(Your assignment)
Without changing a word, return the listing below, minus its images.

(Given material)
*** Begin section ***

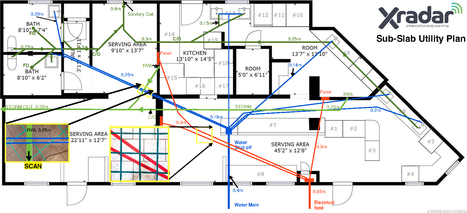 Combining utility locating and Xradar ™ concrete scanning, Xradar was able to identify the full interior sanitary network connecting all sinks, drains, vents and toilets as well as locating and differentiating from the storm drain flowing from the rain water leaders.
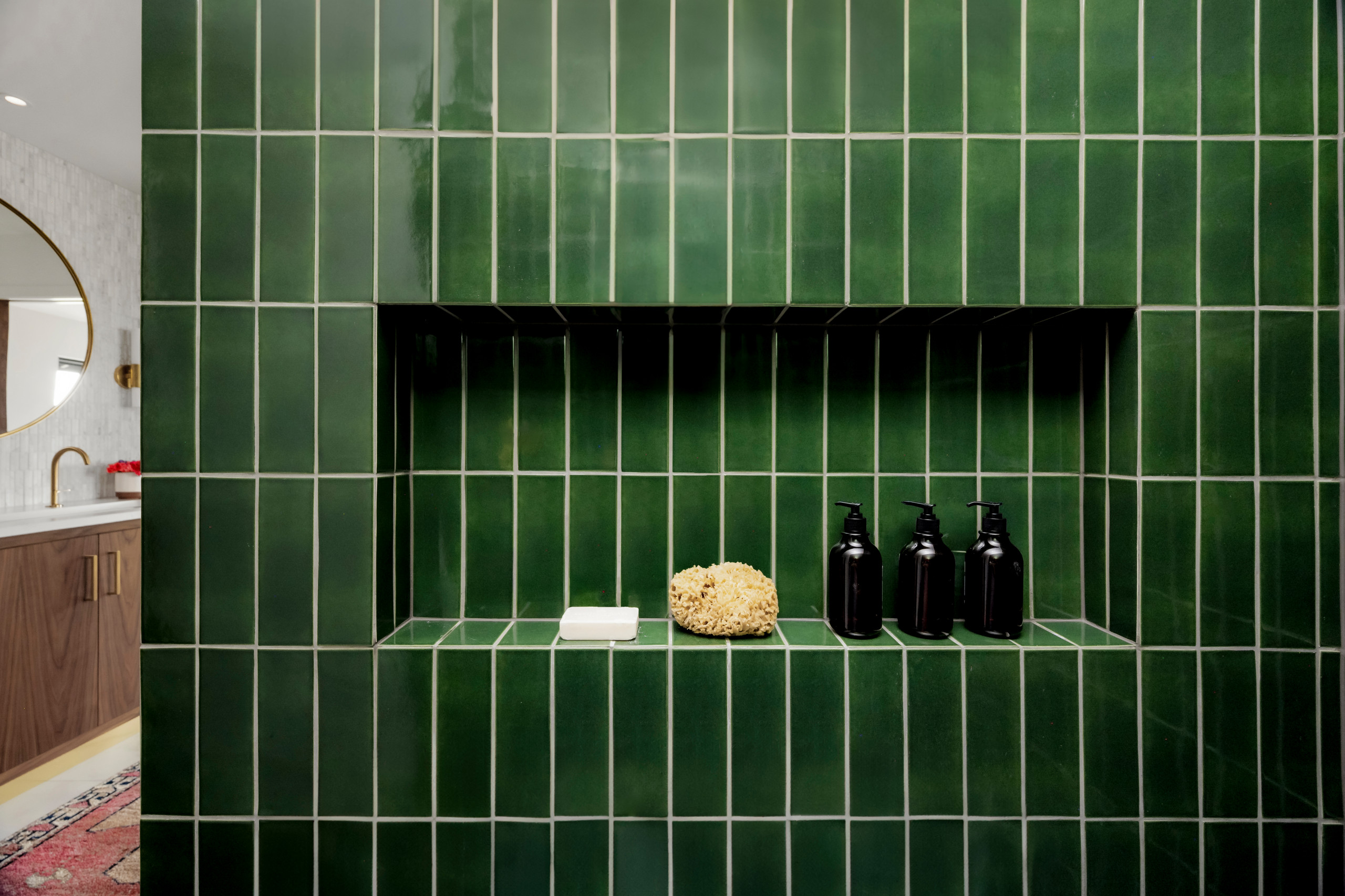 The marble-tile-clad platform continues into the shower, where the floor shifts to 2-by-2-inch tiles. The increased grout lines provide extra traction. The rich green wall tile extends into the shower as well. Notice how the top row of tiles on the partial wall (left) remains full-size and aligns perfectly with the tiles and grout lines on the adjacent wall — a result of meticulous planning and installation.
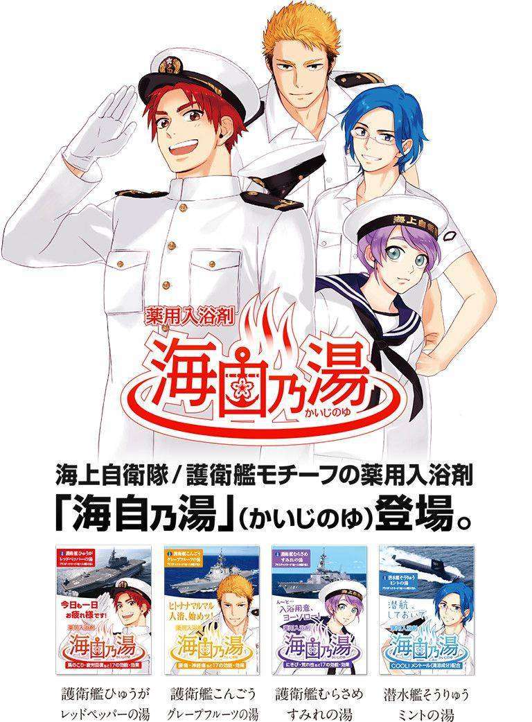 Unsur kapal moe yang diangkat oleh KanColle terkadang menjadikan demam kapal hanya diminati oleh kalangan penggemar pria saja. Namun kali ini, sebuah produsen garam mandi di Jepang menampilkan para kapal sebagai karakter cowok dengan gaya bishonen. Tidak hanya memiliki karakter saja, karakter dari produk ini juga memiliki seiyuu (pengisi suara) nya tersendiri untuk lebih menghidupkan karakter yang ada.

*** End section ***

(Answer box)
 Combining utility locating and Xradar ™ concrete scanning, Xradar was able to identify the full interior sanitary network connecting all sinks, drains, vents and toilets as well as locating and differentiating from the storm drain flowing from the rain water leaders.
 The marble-tile-clad platform continues into the shower, where the floor shifts to 2-by-2-inch tiles. The increased grout lines provide extra traction. The rich green wall tile extends into the shower as well. Notice how the top row of tiles on the partial wall (left) remains full-size and aligns perfectly with the tiles and grout lines on the adjacent wall — a result of meticulous planning and installation.
 Unsur kapal moe yang diangkat oleh KanColle terkadang menjadikan demam kapal hanya diminati oleh kalangan penggemar pria saja. Namun kali ini, sebuah produsen garam mandi di Jepang menampilkan para kapal sebagai karakter cowok dengan gaya bishonen. Tidak hanya memiliki karakter saja, karakter dari produk ini juga memiliki seiyuu (pengisi suara) nya tersendiri untuk lebih menghidupkan karakter yang ada.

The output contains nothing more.